Savara Inc. (SVRA) experienced a significant regulatory setback as the U.S. Food and Drug Administration (FDA) issued a Refusal to File (RTF) letter for its Biologic License Application (BLA) for Molbreevi, a proposed treatment for autoimmune Pulmonary Alveolar Proteinosis (PAP). The FDA's decision, based on its preliminary review of the March 2025 submission, cited insufficiently complete Chemistry, Manufacturing, and Controls (CMC) data, thereby preventing a substantive review. Notably, the RTF was not attributed to safety concerns, and the FDA did not request or recommend additional efficacy studies, suggesting the clinical profile of Molbreevi may remain intact.
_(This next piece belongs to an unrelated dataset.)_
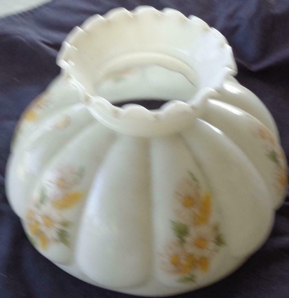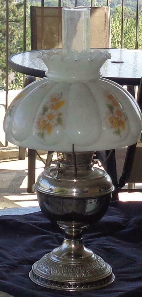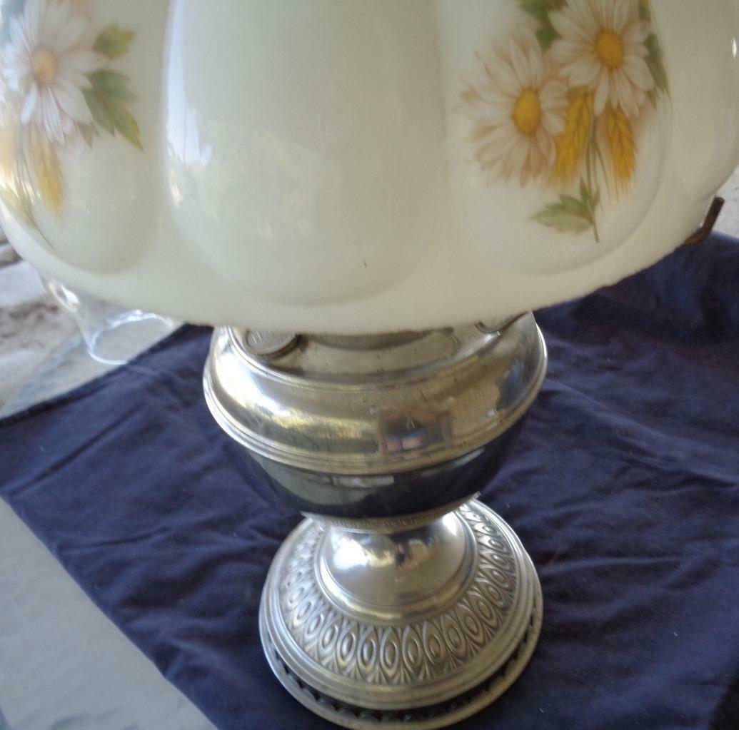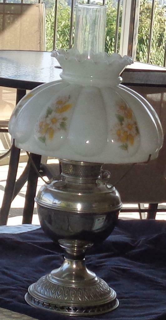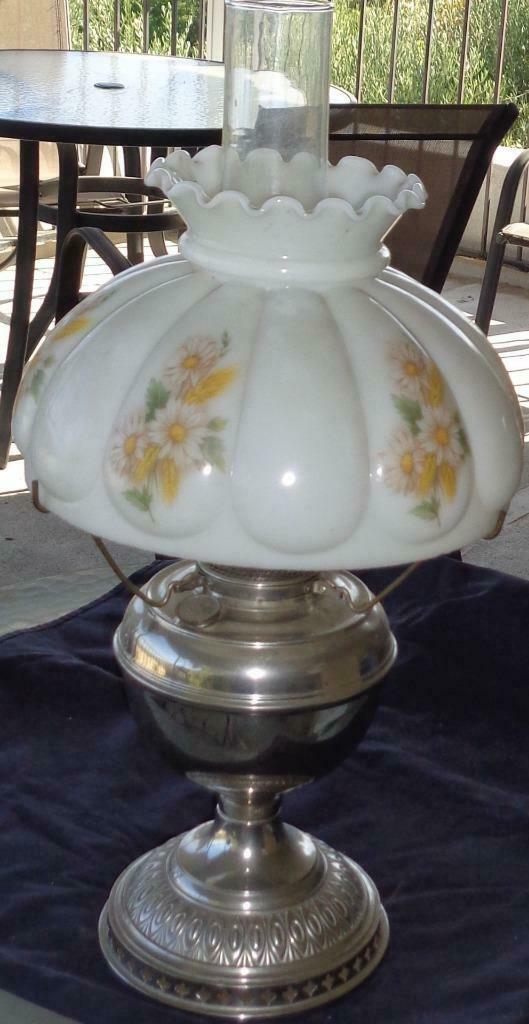 Offered here is this Antique Silverplated Liquid Lamp. The lamp is in good condition, although I am unsure of its exact age. It does have a few small dents in the sides, but is otherwise in great, working condition. There is some wear and slight tarnishing to the finish. It could use a good polishing. The lamp comes with a clear glass chimney that is 10” tall, and a gorgeous milk glass shade that has a floral transfer pattern on it. The chimney is in very good condition, with no chips or cracks, and the shade is also in good condition, although while having no cracks, or chips, is does have a lot of flea bite chips around the bottom rim. This is probably natural since it fits onto metal brackets that attach to the lamp. The shade is about 10” in diameter at the base, about 12” in diameter at the width of its curve, about 5.25” in diameter at the top ruffle rim. The entire lamp is about 20” tall including the chimney, 12” tall without the chimney or shade, and about 7” in diameter at the base. This is a beautiful old liquid lamp with a gorgeous shade that would be a genuinely nice addition to any vintage lamp collection.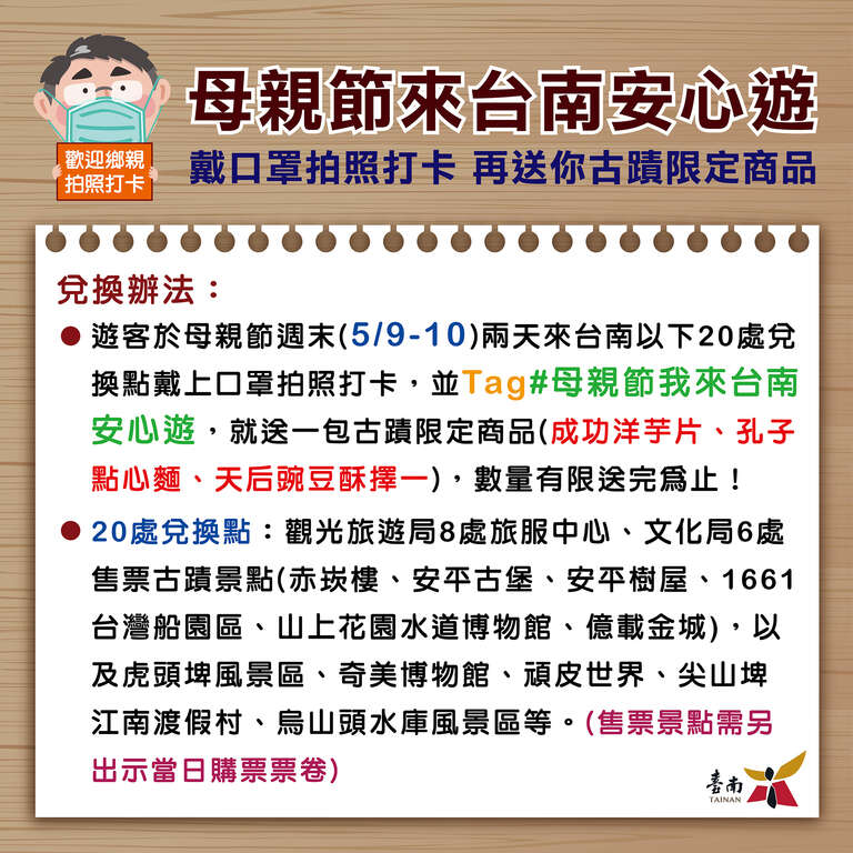 觀光旅遊局郭貞慧局長表示,在做好防疫措施、戴好口罩、勤洗手的前提下,推薦全國遊客來到臺南走走,只要在5月9日(週六)至10日(週日)共計兩日,至觀光旅遊局8處旅服中心、文化局6處售票古蹟景點(赤崁樓、安平古堡、安平樹屋、1661台灣船園區、山上花園水道博物館、億載金城),以及虎頭埤風景區、奇美博物館、頑皮世界、尖山埤江南渡假村、烏山頭水庫風景區、關子嶺大成殿(嶺頂資訊站)等,共計20處地點(售票景點需另出示當日購票票卷),戴上口罩並發布社群貼文打卡標註「#母親節我來台南安心遊」,即可於現地兌換台南古蹟限定商品1包,送完為止。

Savara's management has conveyed confidence in addressing the FDA's data requirements, stating the necessary CMC data is currently being generated. The company plans to request a Type A meeting with the FDA within 30 days and aims to resubmit the BLA in the fourth quarter of 2025. This development will invariably delay Molbreevi's potential market entry. Savara also reported progress on establishing a redundant supply chain, with technology transfer to a second-source drug substance contract manufacturer on track for completion in the fall, including completed upstream process performance qualification (PPQ) batches and ongoing downstream PPQ efforts. The market registered a strongly negative reaction to the news, with SVRA stock declining 28.9% to $2.02.